Let $G$ be a Lie group with Lie algebra $\mathfrak{g}$ and $\pi:P\to M$ a principal $G$-bundle. A connection $A$ on $P$ is a $\mathfrak{g}$-valued one-form, i.e. an element of $\Omega^1(P)\otimes\mathfrak{g}$, satisfying some properties. The curvature $F$ of $A$ is an element of $\Omega^2(P)\otimes\mathfrak{g}$ defined by $$F(X,Y)=dA(X^H,Y^H)$$ where $X,Y$ are vector fields on $P$ and $X^H,Y^H$ their horizontal components.
Some texts say that the curvature can be seen as an element of $\Omega^2(\mathrm{ad}(P))$ where $\mathrm{ad}(P):=P\times_G\mathfrak{g}$ is the vector bundle associated to the adjoint representation. How to see this? What element of $\Omega^2(P\times_G\mathfrak{g})$ precisely? And how can we recover the original curvature from it?

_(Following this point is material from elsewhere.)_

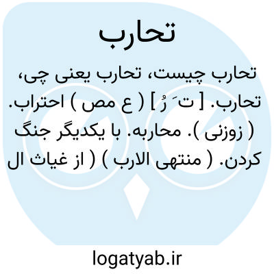 تحارب. [ ت َ رُ ] ( ع مص ) احتراب. ( زوزنی ). محاربه. با یکدیگر جنگ کردن. ( منتهی الارب ) ( از غیاث اللغات ) ( ناظم الاطباء ) ( از آنندراج ). || آتش جنگ را برافروختن. ( اقرب الموارد ). جنگ را برپای ساختن. ( قطر المحیط ).
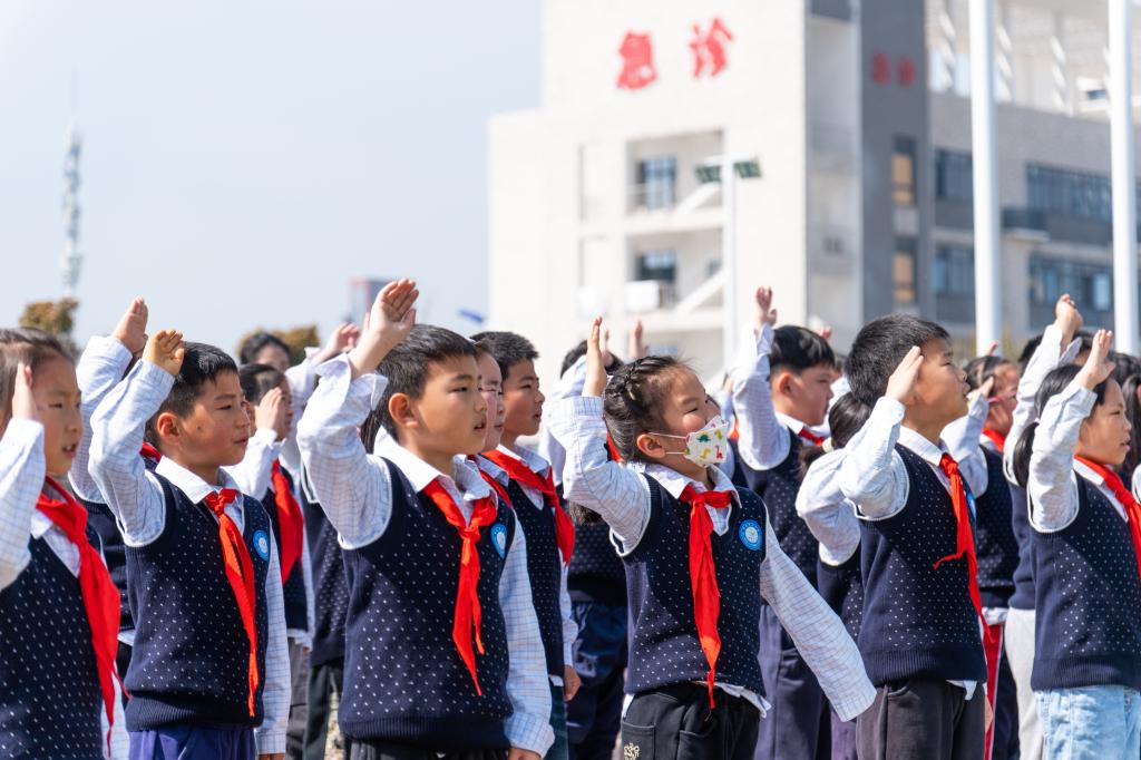 4月1日上午,校国旗护卫队在安理附小开展国旗下的思政课——少先队主题队日活动。总务部主要负责人、校团委主要负责人、附属小学全体师生等300余人参加了活动。

The connection $A$ is a tensorial $1$-form i.e $g\in G, R_g^*A=Ad(g^{-1})A$. This implies that the covariant derivative of $A$ which is the curvature is a tensorial 2-form. i.e $R_g^*F=Ad(g^{-1})F$. This is equivalent to saying that $F\in \Omega^2(P\times_G\mathfrak{g})$. To see this, consider the trivialization $(U_i\times G)$ of $P$. Suppose that the transition functions of $P$ are defined by $u_{ij}$, the transition functions of $P\times_G\mathfrak{g}$ are defined by $Ad(u_{ij}^{-1})$, Let $x\in U_i\cap U_j\times G, u,v\in T_x(U_i\cap U_j\times G)$, the transition function sends $x$ to $xu_{ij}$ and $u$ to $R_{u_{ij}}^*u$ we deduce that $F_{xu_{ij}}(R_{u_{ij}}^*u,R_{u_{ij}}^*v)=Ad(u_{ij}^{-1})F(u,v)$ since $F$ is tensorial. This is the local definition of an element of $\Omega^2(P\times_G\mathfrak{g})$.